For over a decade, Meta relied on a heavily modified internal fork of FFmpeg to handle the unique demands of processing billions of video uploads daily for VOD and livestreaming. This fork provided critical optimizations absent in upstream FFmpeg, but it came with a steep cost: divergence from the main project, missed upstream improvements, and significant maintenance overhead. This article explores the strategic engineering effort to bridge that gap, collaborate with the FFmpeg community, and finally deprecate the internal fork—a move that improved efficiency for Meta and the entire open-source ecosystem. You can read the original engineering case study for more details on the FFmpeg at Meta project.

Server racks processing billions of video files daily with FFmpeg System Abstract Visual

The Core Challenges of a Diverging Fork

Maintaining an internal fork created two major problems:

  1. Feature Divergence: The fork had custom features (parallel multi-lane encoding, real-time quality metrics) while upstream FFmpeg added new codecs, formats, and reliability fixes we needed.
  2. Rebasing Hell: Safely merging upstream changes into our fork to avoid regressions became increasingly complex and risky.

The Strategic Solution: Upstreaming for Mutual Benefit

Instead of perpetually maintaining the fork, Meta's Video Engineering team partnered with FFmpeg developers, FFlabs, and VideoLAN to upstream the core features. This required significant refactoring of FFmpeg's core architecture.

  • Multi-Lane, Threaded Transcoding: Prior to FFmpeg 6.0/8.0, encoding multiple output streams (e.g., for DASH) in one command was serialized per frame. Our internal fork ran encoders in parallel. This design influenced the upstream community, leading to a decades-spanning refactor that now provides more efficient encoding for all FFmpeg users.
  • Real-Time Quality Metrics ("In-Loop" Decoding): For livestreaming, we needed to compute metrics like VMAF during transcoding, not after. This required inserting a decoder after each encoder in the processing graph. This capability, known as "in-loop" decoding, was upstreamed and is available from FFmpeg 7.0.

Diagram showing multi-lane video encoding pipeline for streaming

Critical Perspectives and Strategic Decisions

When Not to Upstream: Not all internal modifications are suitable for the open-source project. A key example is support for Meta's Scalable Video Processor (MSVP), a custom ASIC. While integrated via FFmpeg's standard hardware acceleration APIs, contributing this code upstream would burden maintainers with supporting hardware they cannot test. Such highly infrastructure-specific patches are kept internal, with Meta assuming the cost of rebasing them.

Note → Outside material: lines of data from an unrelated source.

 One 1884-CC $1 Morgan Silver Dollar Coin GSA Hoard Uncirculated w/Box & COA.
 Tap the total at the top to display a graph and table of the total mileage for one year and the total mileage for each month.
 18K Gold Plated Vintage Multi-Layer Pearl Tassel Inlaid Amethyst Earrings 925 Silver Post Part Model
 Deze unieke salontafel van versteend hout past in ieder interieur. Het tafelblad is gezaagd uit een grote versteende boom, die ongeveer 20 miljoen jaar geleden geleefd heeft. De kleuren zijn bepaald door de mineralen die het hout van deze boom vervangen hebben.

The Trade-off: This highlights a crucial balance in corporate open-source strategy: contribute features with broad community impact, but internalize those tied to proprietary infrastructure. This approach, similar to how companies integrate custom AI hardware like the Maia 200 AI accelerator, ensures the main project remains lean and universally applicable.

Cloud infrastructure with open source and hardware acceleration layers IT Technology Image

Lessons Learned and Next Steps

Key Takeaways for Engineering Teams:

  1. Evaluate Fork Longevity Early: The cost of maintaining a fork grows exponentially. Proactively seek upstream collaboration.
  2. Contribute Generically Useful Features: Focus efforts on upstreaming changes that solve problems for others, not just your own stack.
  3. Leverage Standard APIs: Building custom hardware support (like MSVP) on standard FFmpeg APIs minimizes friction and keeps the door open for future upstreaming.

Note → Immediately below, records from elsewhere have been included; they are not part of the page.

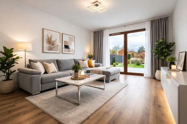 Na sprzedaż nowoczesny dom w zabudowie bliźniaczej o powierzchni 77,9 m2 z prywatnym ogrodem i dwoma miejscami ...
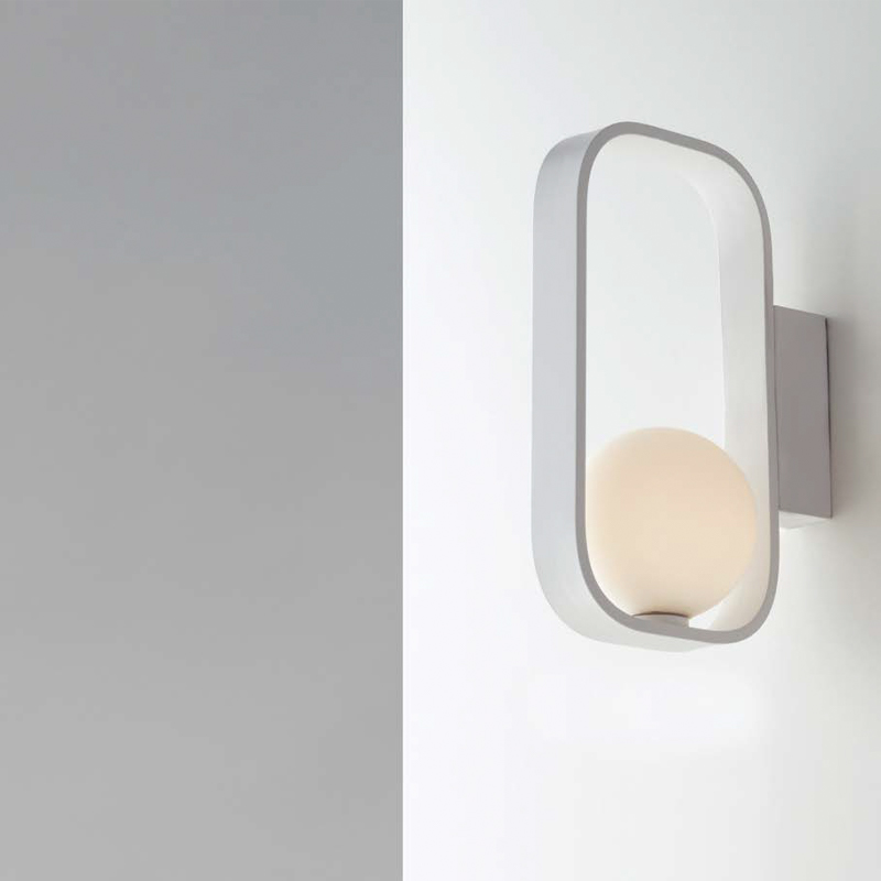 Lampada con struttura in alluminio bianco goffrato con diffusori in vetro bianco satinati
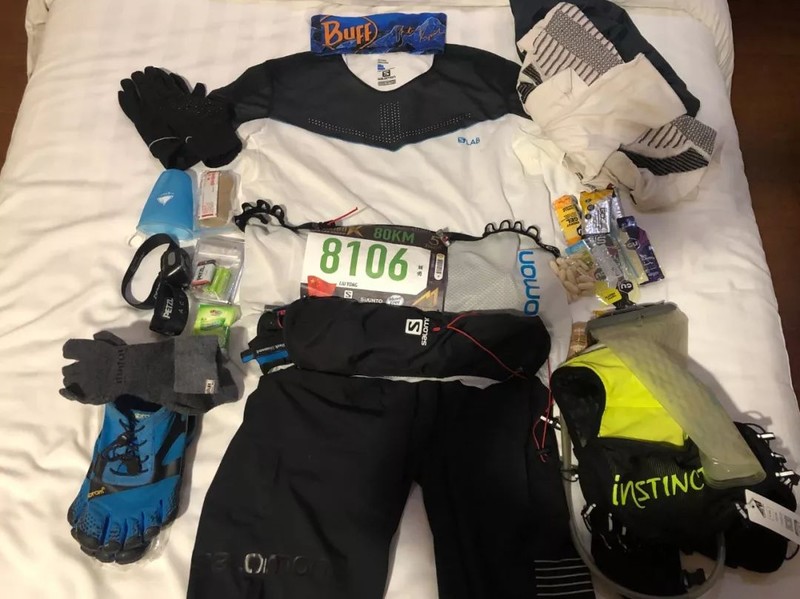 然后打车到酒店,入住后放好行李,就到知名的荣小馆吃饭,晚饭后马上回去整理装备,因为第二天六点半就起跑,需要四点多起床。把参赛装备准备了一下,拍了个定装照,一方面检查所有强制装备以防遗漏,一方面有一点仪式感。那个五指鞋是用来搞笑的,无论如何我也不敢在柴古用五指鞋跑80km。
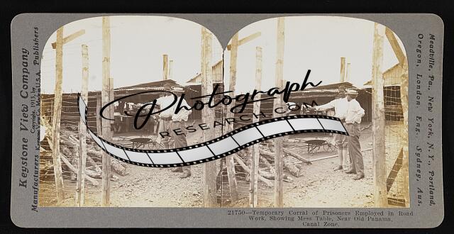 Temporary corral of the prisoners employed in road work, showing mess table, nea
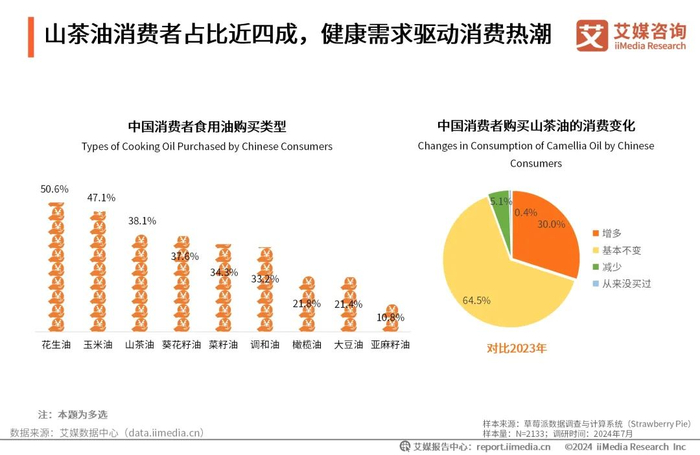 iiMedia Research(艾媒咨询)数据显示,在多种食用油类型中,山茶油以其独特的魅力吸引了38.1%的消费者。对比2023年,大部分消费者在山茶油上的消费增加或保持不变。随着健康意识的普及和深化,人们越来越注重饮食健康与营养的均衡,消费者对健康食用油需求的持续攀升,是山茶油市场份额稳步提升的关键驱动力。
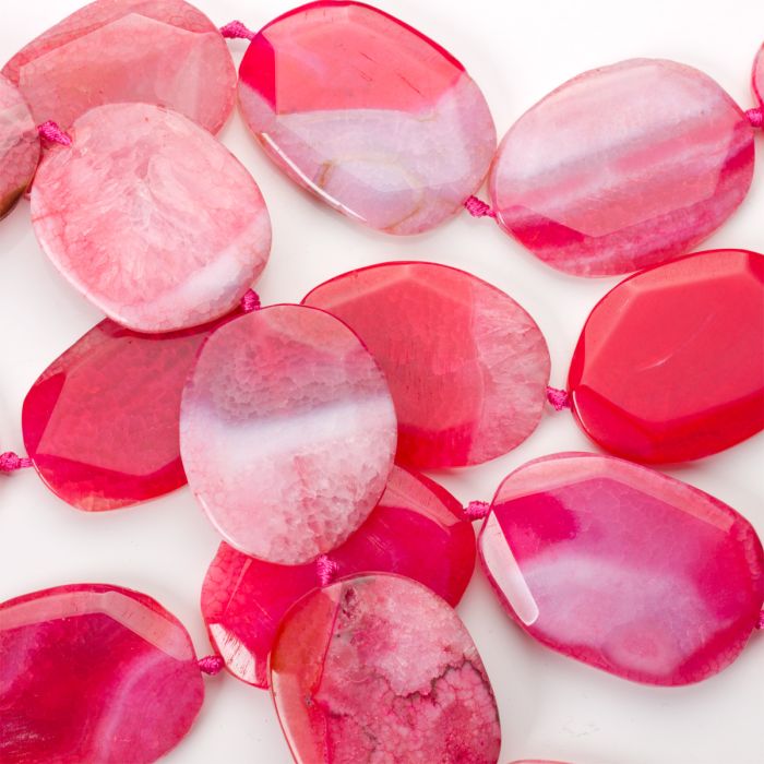 Agat plastry fasetowane spękane fuksja 55x41mm
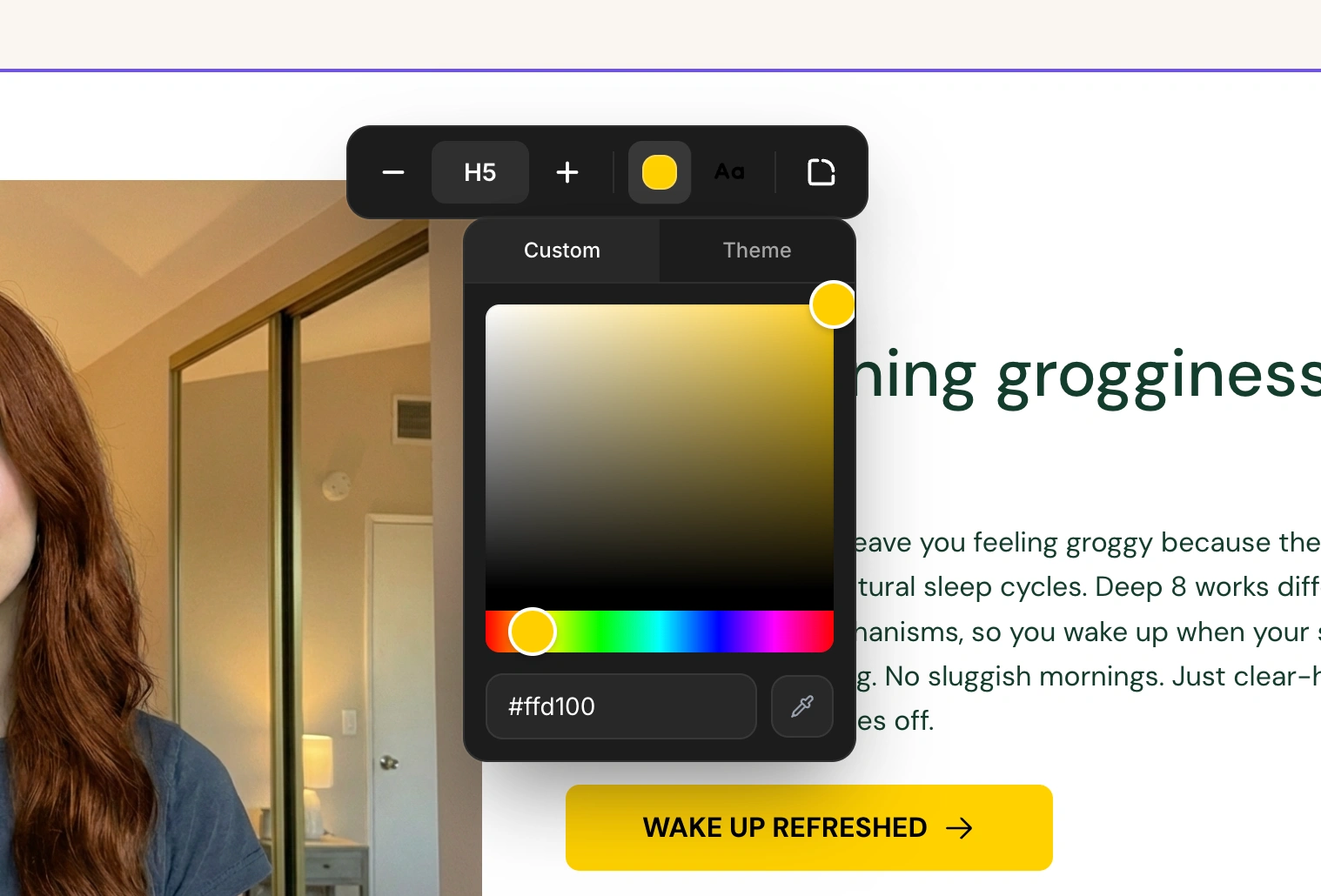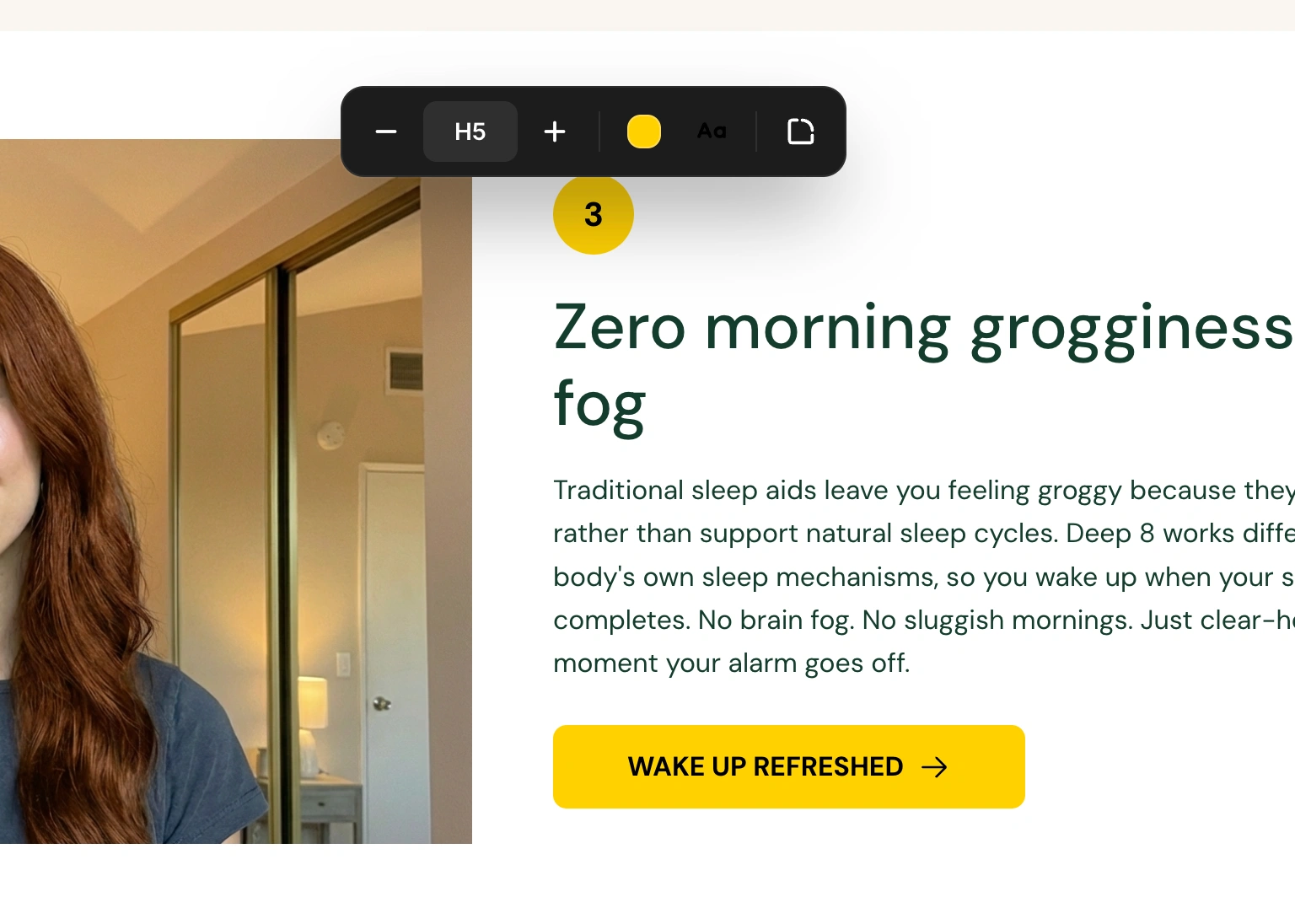 The left side of the toolbar contains text size controls, identical to the heading size system:

The Future of Media Processing at Scale: With the internal fork retired, Meta's teams can now focus on innovating with the community, not alongside it. The next frontier involves leveraging even more advanced tooling for high-frequency tasks, much like the efficiency gains promised by new terminal-based AI assistants such as those explored in our look at Gemini CLI for developer workflows.

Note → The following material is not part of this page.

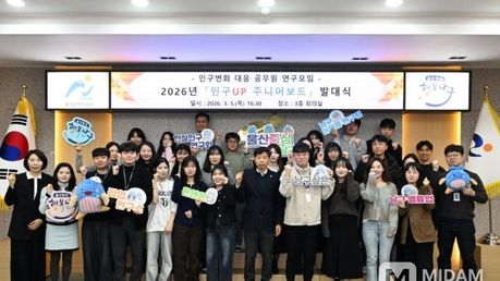 미담타임스 김준완 기자 | 울산 남구(구청장 서동욱)는 5일 남구청 3층 회의실에서 공무원 정책연구모임 ‘인구UP 주니어보드’ 발대식을 개최하고 인구 변화 대응을 위한 2026년 연구 활동을 본격적으로 추진한다. ‘인구UP 주니어보드’는 남구청 전 직원을 대상으로 운영하는 연구모임으로 임신·출산보육, 청년·노인 복지, 생활인구 유입 등 인구정책 전 분야를 대상으로 실효성 있는 정책을 발굴·검토하는 것을 목표로 한다. 이날 행사는 공무원 연구모임 6개 팀(30명)이 참석한 가운데 사업 안내, 팀 소개 및 팀별 연구계획 공유, 질의응답 순으로 진행됐다. 참여자들은 실효성 있는 주제별 정책 제안 도출을 목표로 8개월간 연구 활동에 들어가 연구과제 담당 부서와의 멘토링, 정책자문단의 자문 등을 반영해 과제를 면밀히 검토한 후, 오는 10월 최종 연구 성과를 발표할 계획이다. 앞서 지난해 ‘인구UP주니어보드’에는 4개 팀, 20명의 직원이 참여해 연구를 진행했고 그 결과 총 22건의 인구정책 제안을 도출하는 성과를 거뒀다. 특히 최우수팀으로 선정된 ‘청바지’팀은 청년의 결혼·임신·출산·육아 전
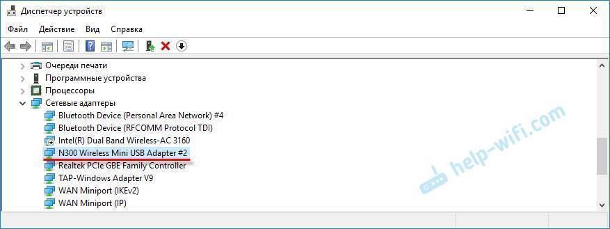 После этого Mercusys MW300UM появился в диспетчере устройств как “N300 Wireless Mini USB Adapter” и начал работать.

Your Next Step: If you're dealing with media processing at scale, audit your dependencies. Are you maintaining patches that could benefit the wider community? Engaging with open-source projects is not just altruism—it's a strategic engineering efficiency play.

This content was drafted using AI tools based on reliable sources, and has been reviewed by our editorial team before publication. It is not intended to replace professional advice.